Getting edge-to-cloud data strategy right
Turning data-first business from strategy to reality starts with taking stock of where data resides — determining the data footprint — since data is really where the action is. “Being data-first means we get to look at the edge first and then figure out what goes into the data center, the colocation center and so on,” Vilfort explains. “We need to know how much data there is, where it’s going, how long we need to keep it, and who can see it — this is a data conversation and a data management challenge.”
From there, other best practices emerge:
- Heighten the focus on security and governance. As data analytics and AI and machine learning workloads are increasingly directed to the edge, the attack surface for potential security breaches vastly expands. Data-first modernization requires organizations to redefine practices to build in security from the onset, not as an afterthought. They also need to pay close attention to long-standing issues, from data sovereignty to adherence to regional and global regulatory requirements.
- Establish cross-functional teams. It’s important to establish data stewards that hail from different parts of the organization to define and scope data needs as well as to identify all relevant data sources to get a true picture of the decentralized data estate and specifically edge locations.

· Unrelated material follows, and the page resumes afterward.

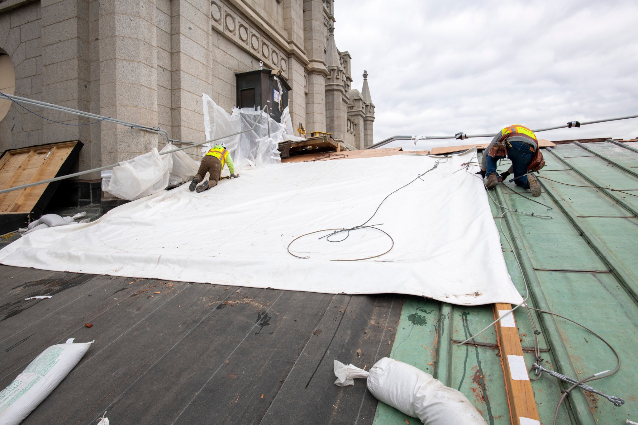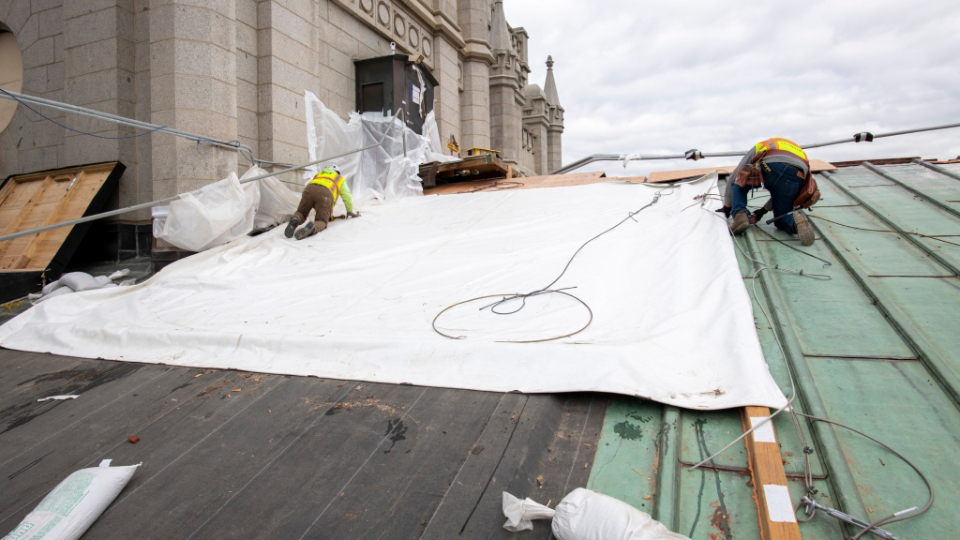 As part of the seismic upgrade of the temple, the existing roof is also being upgraded. The roof will be gradually removed and have a temporary covering (similar to a heavy-duty tarp) until the new roof is completed.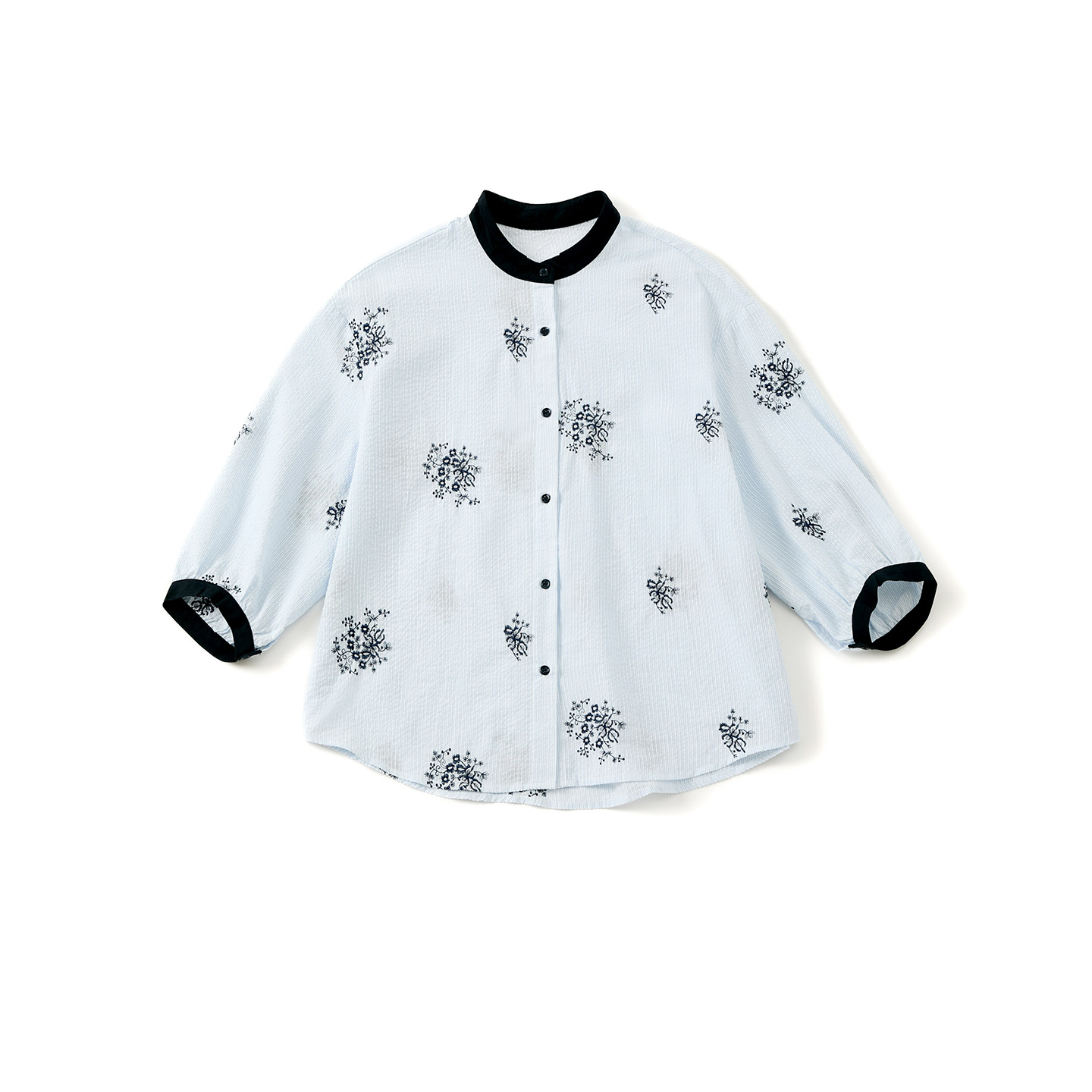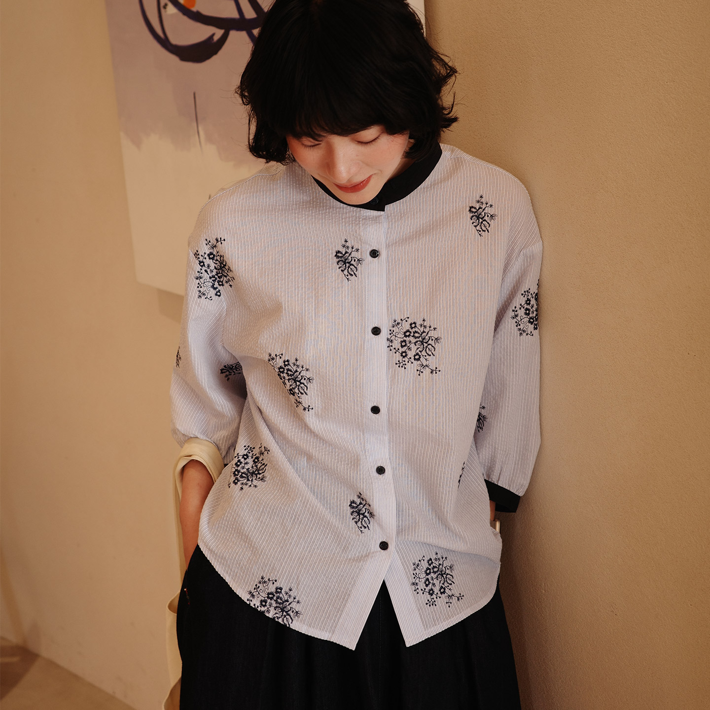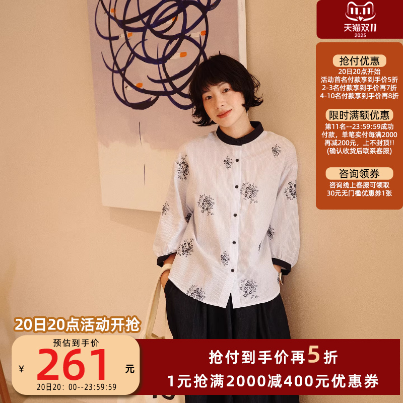女显瘦休闲小衫 非鱼2025秋装 衬衫 刺绣圆领七分袖 通勤复古上衣 新款

- Create a center of excellence (CoE). Even though data strategies and data insights are orchestrated from the edge, it’s still important to cross-pollinate ideas and create and promote shared data policies. A CoE can also foster support for strategies, enlist executive buy-in, and help drive the necessary cultural change.
Edge environments promise to open up a whole new world of insights and innovation. Yet with the possibilities comes a paradigm shift requiring organizations to modernize with a decentralized data strategy that propels data-first business.